*Input data*.

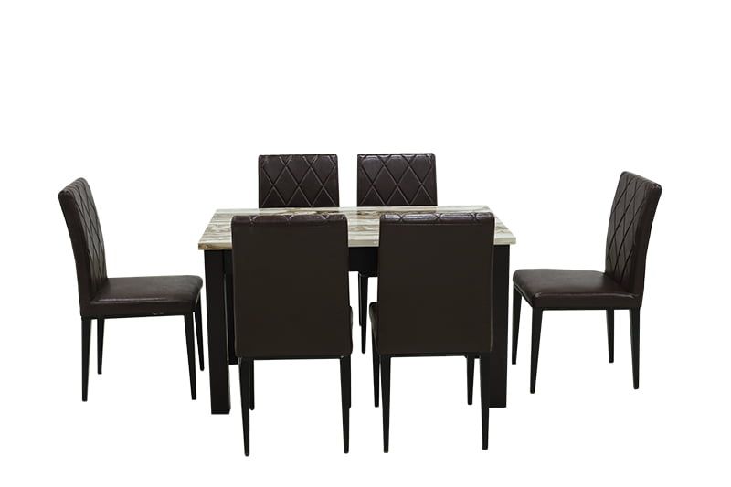 Size: 1300 X 80 X 75_x000D_\nMaterial: Paper Marble & Wood_x000D_\nColour: Mix Brown Dining Table
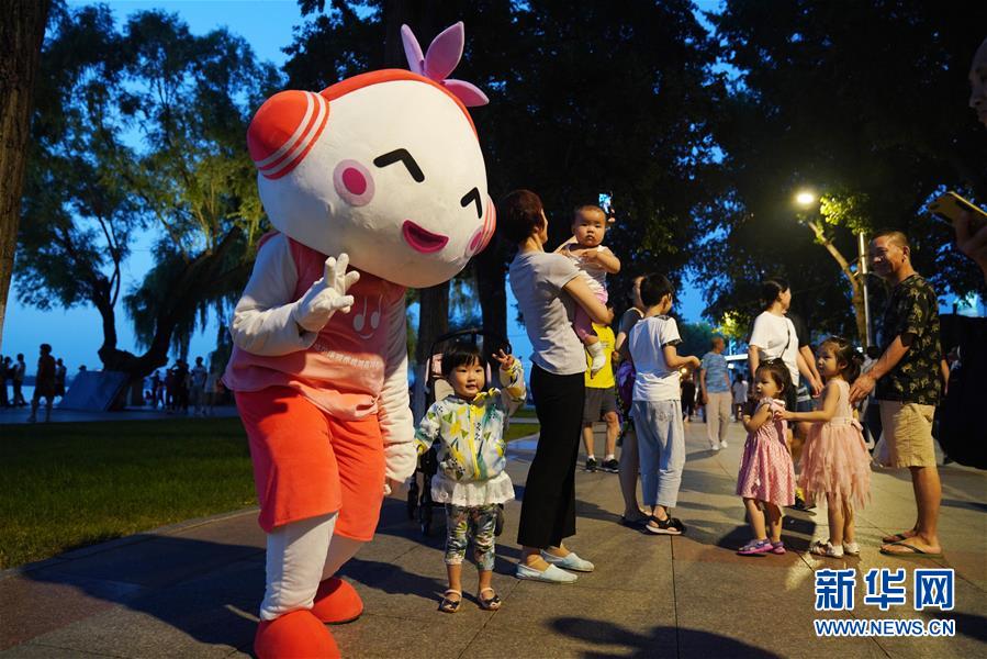 在夜色笼罩的哈尔滨江畔公园,游客与哈尔滨城市旅游吉祥物“滨滨”合影(7月30日摄)。时下,冰城哈尔滨市正值旅游旺季。夜幕下的哈尔滨别有韵味,人们在夜色中感受清爽江风,欣赏欧式建筑,品尝冰城小吃,在清凉惬意中“品味”夜冰城的豪爽与妩媚。 新华社记者王建威摄
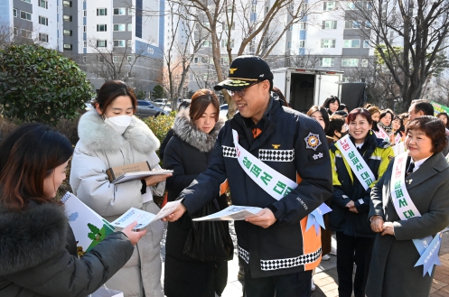 이날 캠페인에는 김재병 소방본부장을 비롯한 소방공무원과 의용소방대원 80여 명이 모여 김해시 율하동 일원에서 아파트 화재 시 올바른 피난행동요령의 중요성을 알렸다.
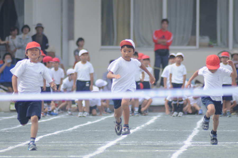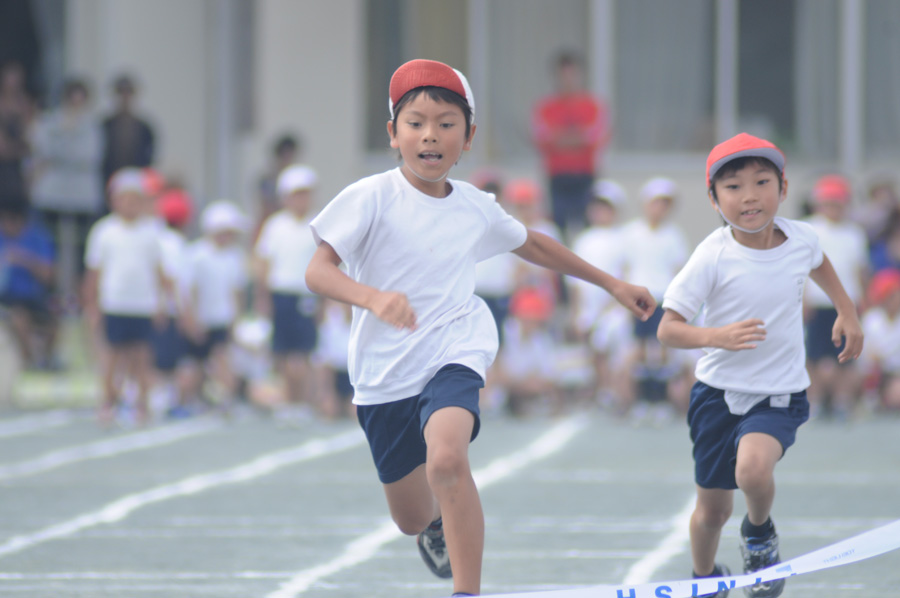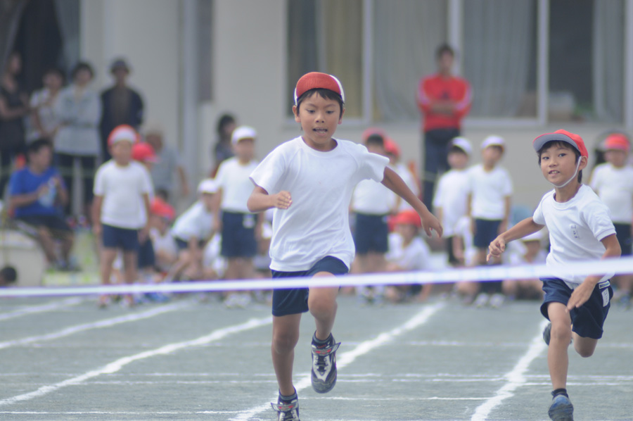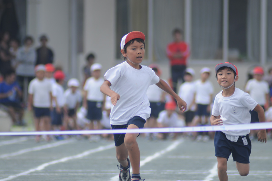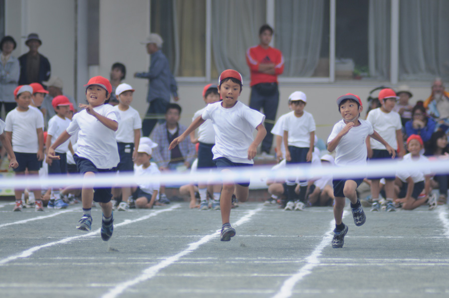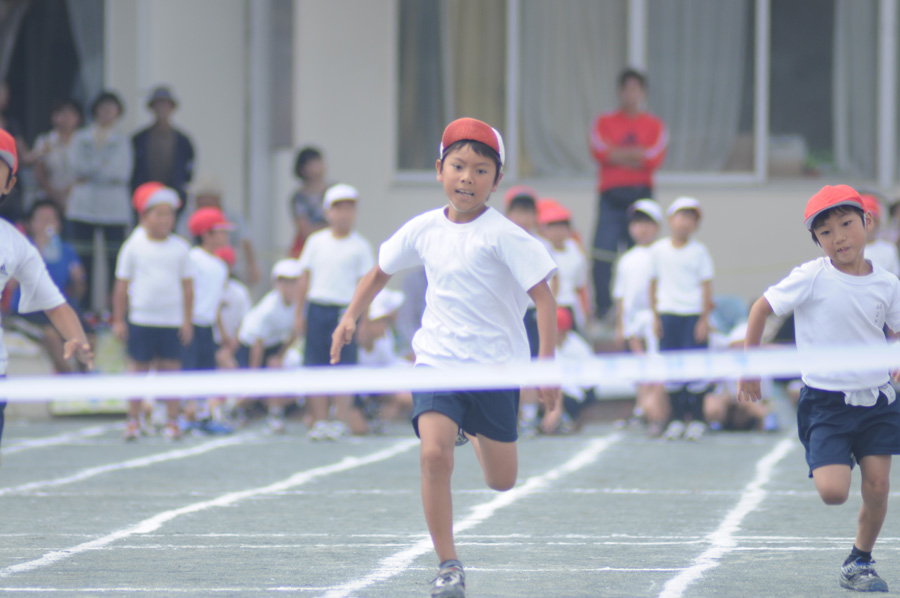 スポーツや動物など、動いているものを撮るにはAF-Cです。作例(3)のような運動会では走っている子供にピントを合わせるにはこのモードが最適です。このAF-Cはシャッターを半押ししている間はAFフレームに重なっている被写体のピントを追い続けてくれます。AF-Sの場合はカメラが「ピントが合った」と思った瞬間にAFロックが働いてピント合わせをやめてしまいますから、どんどん走ってくる子供をそのまま撮ったらピンボケになってしまいます。コンティニュアスAFではAFロックは働きません。一度ピントが合ったら被写体の動きに合わせてピントを追い続けます。スポーツの写真などにはぜったいこちらがお勧めです。

*Directions*. In the printed copy, the material above must appear unchanged and without its pictures.

*Your response*.
 Size: 1300 X 80 X 75_x000D_\nMaterial: Paper Marble & Wood_x000D_\nColour: Mix Brown Dining Table
 在夜色笼罩的哈尔滨江畔公园,游客与哈尔滨城市旅游吉祥物“滨滨”合影(7月30日摄)。时下,冰城哈尔滨市正值旅游旺季。夜幕下的哈尔滨别有韵味,人们在夜色中感受清爽江风,欣赏欧式建筑,品尝冰城小吃,在清凉惬意中“品味”夜冰城的豪爽与妩媚。 新华社记者王建威摄
 이날 캠페인에는 김재병 소방본부장을 비롯한 소방공무원과 의용소방대원 80여 명이 모여 김해시 율하동 일원에서 아파트 화재 시 올바른 피난행동요령의 중요성을 알렸다.
 スポーツや動物など、動いているものを撮るにはAF-Cです。作例(3)のような運動会では走っている子供にピントを合わせるにはこのモードが最適です。このAF-Cはシャッターを半押ししている間はAFフレームに重なっている被写体のピントを追い続けてくれます。AF-Sの場合はカメラが「ピントが合った」と思った瞬間にAFロックが働いてピント合わせをやめてしまいますから、どんどん走ってくる子供をそのまま撮ったらピンボケになってしまいます。コンティニュアスAFではAFロックは働きません。一度ピントが合ったら被写体の動きに合わせてピントを追い続けます。スポーツの写真などにはぜったいこちらがお勧めです。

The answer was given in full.